On the 17th, the legal representatives of the Merge Point victims' class action lawsuit filed a claim for damages at the Seoul Southern District Court in Seocho-gu, Seoul, and are responding to reporters' questions. Photo by Kim Daehyun.
[Asia Economy Reporter Song Seung-seop] Victims of the Merge incident have filed a class-action lawsuit for damages against e-commerce operators who sold and mediated the products. Alongside the Ponzi scheme allegations against Merge Plus, which created and sold Merge Points, the responsibility of the e-commerce companies that earned profits through mediation is expected to become a key issue.
According to the law firm ‘Justice,’ which represents the Merge Point victims legally, a total of nine defendants are named in the complaint. These include Merge Plus Co., Ltd., Merge Support Co., Ltd., CEO Kwon Nam-hee, as well as companies registered as telecommunication sales intermediaries. The companies listed are Lotte Shopping, 11st, eBay Korea, Style C Corporation, Wemakeprice, and Tmon.
The plaintiffs total 148 people, with the claim amounting to approximately 226.8 million KRW. This sum combines 197.2 million KRW in property damages caused by purchases and subscription service payments, and 29.6 million KRW in consolation damages claimed at 200,000 KRW per victim. The Merge Point victims stated, “(Merge Plus) issued gift certificates worth hundreds of billions to trillions of won without the ability to redeem them,” and “We claim damages for illegal acts caused by fraudulent sales of gift certificates and for property and mental damages due to unilateral non-performance of services.”
On the 17th, lead attorney Kang Dong-won also submitted the complaint at the Seoul Central District Court in Seocho-gu, Seoul, stating, “Merge Plus and Merge Support show many signs of a Ponzi scheme,” and “If they sold despite having no funds from the start or running out of funds at some point, it is fraud and a civil tort.”
Merge Consumers "Purchase Inducement" vs Telecommunication Sales Intermediaries "No Negligence"
Regarding the inclusion of telecommunication sales intermediaries as defendants, it was argued that “Gift certificates are a type of debt that must inevitably be redeemed after a certain period,” and “There is an obligation to verify whether Merge Plus had the creditworthiness and lawful business structure to bear such debt.” Furthermore, “We intend to hold them accountable for inducing purchases through aggressive marketing and hot deal policies, contributing to the expansion of damages,” they added.
In court, the plan is to apply the civil legal principle of ‘joint tort liability’ to the telecommunication sales intermediaries. Joint tort liability applies when multiple parties cause damage to others. Even without prior conspiracy or intent, responsibility is recognized if there is negligence or aiding and abetting. Particularly, by holding telecommunication sales intermediaries accountable, it is explained that situations where victims win against Merge Plus but cannot recover money can be prevented.
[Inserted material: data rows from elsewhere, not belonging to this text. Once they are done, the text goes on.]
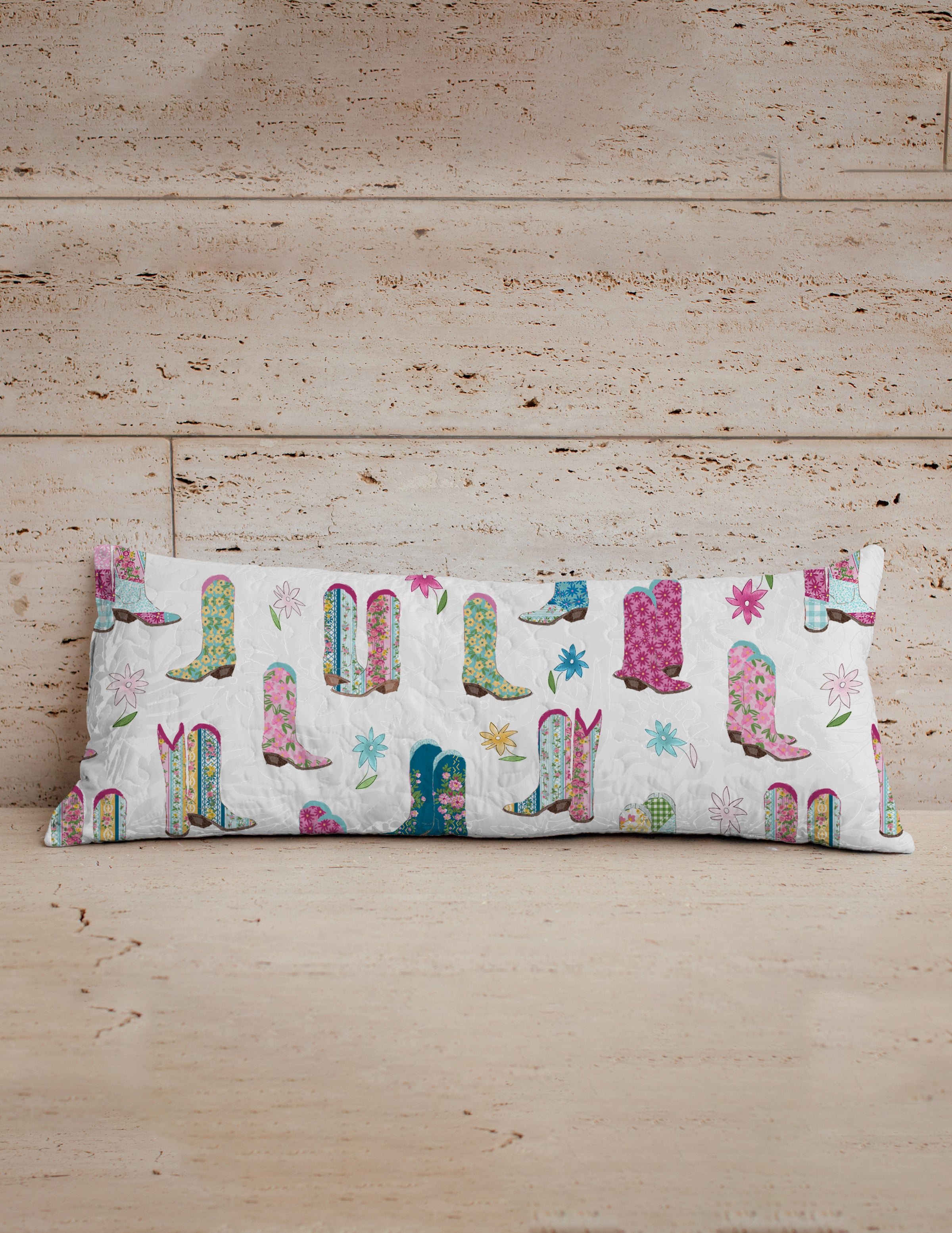 Daisy Boots Patchwork Jewels Quilted Oblong 14" x33" Pillow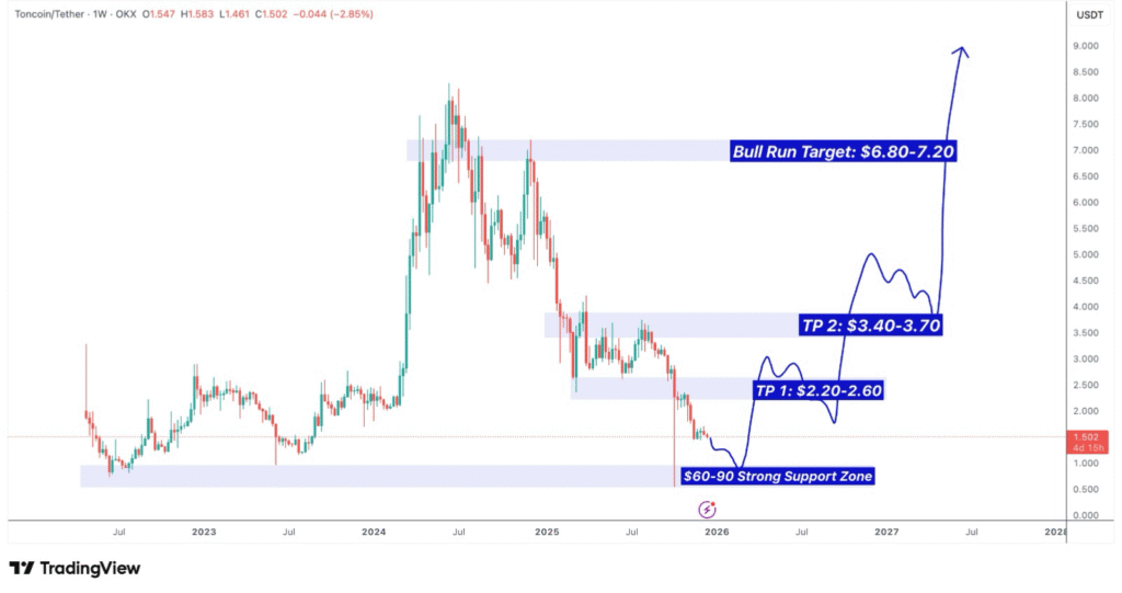 Toncoin (TON) is a high-performance Layer-1 blockchain originally conceived by the Telegram team and now maintained by the community-led TON Foundation. Its primary growth driver is its deep, native integration within the Telegram messaging app, providing access to nearly a billion users. The network utilizes “sharding” technology to handle millions of transactions per second, making it highly scalable for decentralized apps (dApps) and payments. As the ecosystem matures with increased institutional funding and DeFi innovations, Toncoin is positioned for significant adoption, though its performance remains closely tied to Telegram’s regulatory landscape.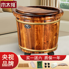 木太祖 泡脚桶木桶家用洗脚盆实木碳化泡脚盆木质系列 碳化30带盖带轮+艾60+按摩珠+毛巾+搓脚石

The e-commerce companies maintain that they bear no negligence in the Merge Point incident. They argue that under current law, their role was mediation, not sales, and that there were limits to verifying other companies at the individual corporate level. A representative from an e-commerce company stated, “The operational department asked Merge Point about the Electronic Financial Transactions Act early in the sales process and heard that discussions with financial authorities were ongoing,” emphasizing, “If the contract terms were violated, we would rather sue Merge Plus.”